士気も高い精鋭軍団を誇る。だが、それ故に逆に裏切られたら現体制の転覆は容易いだろう。
「帝釈天、貴様の部下たちの様子をしっかりと見張っておくんだな。もし怪しい奴がいたら、私が直接手を下してやってもいい」
そう言うと、阿修羅は立ち上がった。
「じゃあ、そういうことで。警告はしたからな」
長居は無用と言わんばかりに阿修羅は部屋を出ようとする。
「阿修羅王!」
梵天が呼び止める。
「なんだ」
半身に腰を浮かした梵天が、居住まいを正しながら声をかけた。
「承知いたしました。ご注進、しかと承りましたので。王はくれぐれもご無理なさらないよう」
梵天が頭を下げると、帝釈天もそれに倣った。
「その茶番も大概にしろ」
二人並んで首を垂れる姿にしらけた阿修羅は、そう言い残すと再び流道の中へと消えていった。
――相変わらず、こういうことには鋭い奴だな――
「どう思うかね。帝釈天」
梵天は再び座り直すと帝釈天に向かってそう言った。
「まあ、王の言うことは一理ありますね。誰かが修羅界の悪鬼神を操っていても不思議はない」
「そうだな……。狙いが天界なら、敵はここにるはずだ。即刻内偵を始めるように」
「はっ!」
梵天が体をゆさゆさと揺らしながら退出する。再び頭を下げた帝釈天は、その足音が消えるまで床を睨んでいた。

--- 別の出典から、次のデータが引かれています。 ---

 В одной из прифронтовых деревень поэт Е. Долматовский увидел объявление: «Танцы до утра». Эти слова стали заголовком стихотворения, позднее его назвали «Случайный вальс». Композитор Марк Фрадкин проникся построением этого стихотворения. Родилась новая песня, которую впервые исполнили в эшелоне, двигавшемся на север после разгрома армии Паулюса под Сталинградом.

阿修羅が修羅界に戻ると、リュージュと白龍は定期の修羅界見回りに出ていた。白龍直下の諜報部隊から下りてくる情報を元に、不穏な兆しがあるところを確認に行くのである。
地道な作業なので、もっぱら白龍とリュージュに任せきりである。リュージュ曰く、人使いが荒い。ということだ。
阿修羅は一人ベッドに横たわる。このところ目まぐるしく変わる状況に少々疲労を感じていた。

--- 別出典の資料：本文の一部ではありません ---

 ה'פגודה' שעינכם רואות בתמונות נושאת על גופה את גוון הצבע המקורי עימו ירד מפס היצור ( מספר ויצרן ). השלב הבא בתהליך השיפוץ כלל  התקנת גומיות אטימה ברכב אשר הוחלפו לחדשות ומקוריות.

身体はなんともない。人間としての生を終えてから幾年の時が流れたが、戦略や敵の出方等を考える機会はなかった。それが一度に色々謎が沸き上がってきて、久しぶりにフル回転だ。脳が悲鳴を上げている。
人間であった頃は、常に先手を打って勝利してきた。阿修羅は優秀な軍師でもあった。
だが、今回は地上での戦いとはかなり様相がちがう。敵の目的は何なのか。戦力はいかほどか? 何もつかめていない。姿の見えない相手に対して、必要なのは情報だ。

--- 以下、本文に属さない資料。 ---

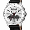 JUST CAVALLI JC1G348L0015 — стильные итальянские часы с функцией хронографаХронографФункция позволяет измерять отрезки времени с особой точностью: часы, минуты, секунды. Верным признаком хронографа является наличие на циферблате 3 дополнительных окошек-счётчиков., которые сочетают в себе элегантность и современный функционал. Круглый корпус диаметром 45 мм выполнен из нержавеющей стали, толщина корпуса составляет 11 мм, что придает модели выразительный внешний вид и надежную защиту от внешних воздействий. Часы оснащены кварцевым механизмом, также обладают функцией отображения даты, что делает их удобными для ежедневного использования. Минеральное стеклоМинеральное стеклоМинеральное стекло представляет собой искусственно выращенный минерал кварца. Такое стекло отличается особой устойчивостью к повреждениям и царапинам. Уступает по некоторым качествам сапфировому стеклу. защищает часы от царапин, а водозащита 100 метров идеально подходит для повседневного ношения. Стрелки с люминесцентным покрытиемЛюминесцентное покрытиеПозволяет считывать показания времени в темноте. Производители наносят на стрелки, часовые индексы, безель или поверхность циферблата светонакопительный состав, дающий холодное свечение.. Кожаный ремешок на стандартной застёжке обеспечивает комфортное ношение.

今現在、白龍の諜報部隊にはかなり動いてもらっているが、心もとない。これまでは、「何処かでいざこざが起きている」くらいのことしか調査してこなかったのだから無理もない。
ふう、と阿修羅はため息をつく。瞼を閉じるといつの間にかウトウトとする。だが、疲労からの頭痛が深い眠りを妨げる。
『阿修羅……。大丈夫か?』
ベッドで寝がえりを打っていると、仏陀が現れる。
実際、それは阿修羅の夢なのか。夢の中に仏陀が入り込んでいるのかわからない。はっきりと触れる感じがするときは、後者の方な気がする。
『ああ、シッダールタ。どうかな。少し疲れた』
悟りを得る前の名前、シッダールタと阿修羅は呼ぶ。それは何があっても変わらない。
仏陀は阿修羅の隣に横になると、腕を差し出す。その腕に頭を乗せると、阿修羅は彼の厚い胸に顔を埋めた。
『少し眠るがいい。傍にいるから』
『うん』
仏陀は阿修羅の額にキスをする。それがおまじないのように、阿修羅の頭痛はすっとほどけ、深い眠りに落ちていった。